我們可以把$2017$拆成5種狀態，分別如下：
$\emptyset , 2,20,201,2017$
從前往後我們依次用$0,1,2,3,4$來代表這五種狀態（如果字符串中存與對應狀態相同的子序列，我們就稱字符串處於狀態$i(i=0,1,2,3,4)$）。
那麼，對於字符串中的每個字符，我們都可以用一個矩陣來表示刪除這個字符帶來的影響。
比如，假設我們當前遍歷到了第$i$個字符$S_i$(設之前的$i-1$個字符組成的字符串爲$S'$)，那麼當$S_i = 2$時候，我們可以得到矩陣$M$（$M_{ij}$代表使得字符串$S'$從狀態$i$變成字符串($S' + S_i$)的狀態$j$，所需要刪除的最少字符，若不可能則值爲$\infty$）如下：
$M = \left[ \begin{matrix} 1 & 0 & \infty & \infty & \infty \\ \infty & 0 & \infty & \infty & \infty \\ \infty & \infty & 0 & \infty & \infty \\ \infty & \infty & \infty & 0 & \infty \\ \infty & \infty & \infty & \infty & 0 \\ \end{matrix} \right]$
具體解釋一下，$M_{00} = 1$，因爲從$S'$的狀態0變化到新串的狀態0，就說明當前的字符$2$必須刪掉，否則新串就會包含2，就變成了狀態1。同理，$M_{01} = 1$，因爲從$S'$的狀態0變化到新串的狀態0，就說明當前的字符$2$必須保留，否則新串就不包含2，就變成了狀態0。
$M_{02} = \infty$，因爲從$S'$的狀態0變化到新串的狀態2，只添加當前字符$2$根本不可能達到。

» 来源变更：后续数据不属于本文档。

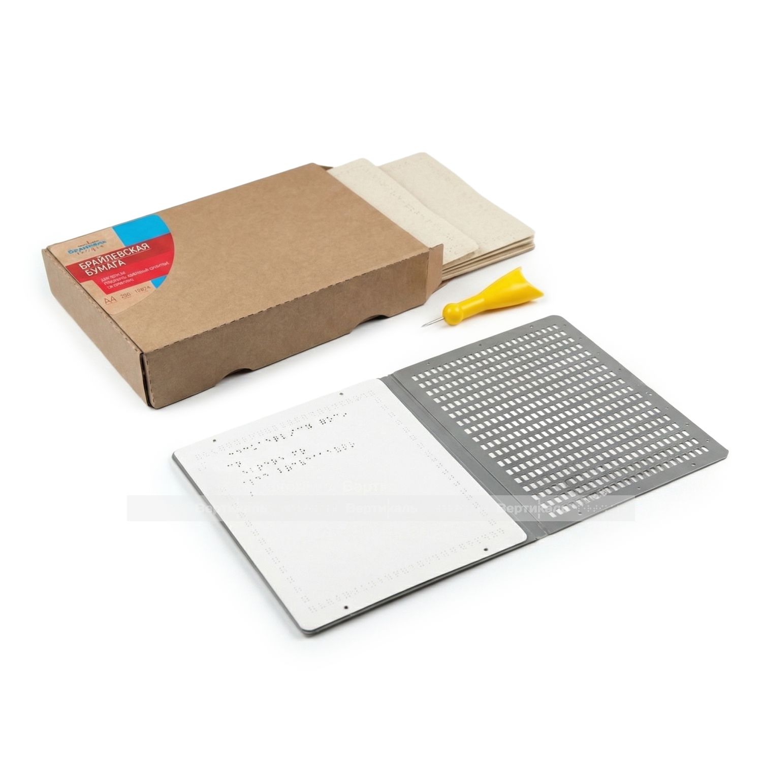 - Бумага Брайля - специальная бумага для чёткого отпечатка знаков.
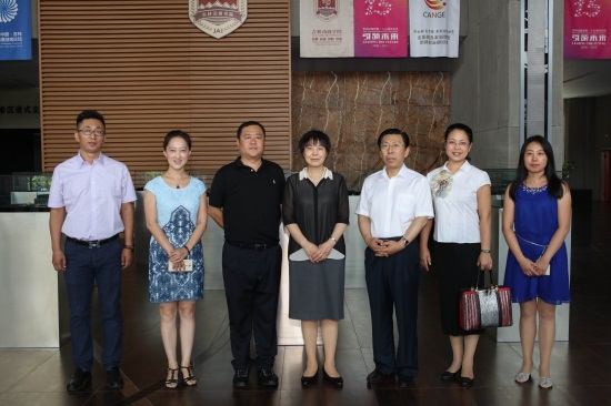 吉林省文化厅厅长马少红(中),副厅长张辰源(左三),文化产业处处长朱红(右二),球盟会qmh常务副校长胡维革(右三),吉林纪元时空动漫游戏科技集团股份有限公司副总经理谭皓月(左二),球盟会qmh校长助理金鑫(左一),动画影视平台建设管理办公室主任孙赞(右一)

同理，我們可以得到$0、1、7$對應的矩陣，在這裏就省略不寫了。
要注意，因爲不能包含2016，所以如果存在201，那麼當前的6是必須要刪掉的。矩陣如下：
$M = \left[ \begin{matrix} 0 & \infty & \infty & \infty & \infty \\ \infty & 0 & \infty & \infty & \infty \\ \infty & \infty & 0 & \infty & \infty \\ \infty & \infty & \infty & 1 & \infty \\ \infty & \infty & \infty & \infty & 1 \\ \end{matrix} \right]$
對於其他不等於$2、0、1、7、6$中任何一個的字符，根本不會對產生影響，所以矩陣如下：
$M = \left[ \begin{matrix} \infty & \infty & \infty & \infty & \infty \\ \infty & \infty & \infty & \infty & \infty \\ \infty & \infty & \infty & \infty & \infty \\ \infty & \infty & \infty & \infty & \infty \\ \infty & \infty & \infty & \infty & \infty \\ \end{matrix} \right]$
那麼，查詢$[l,r]$之間的答案也就可以把這些矩陣合併起來得到了，具體見代碼。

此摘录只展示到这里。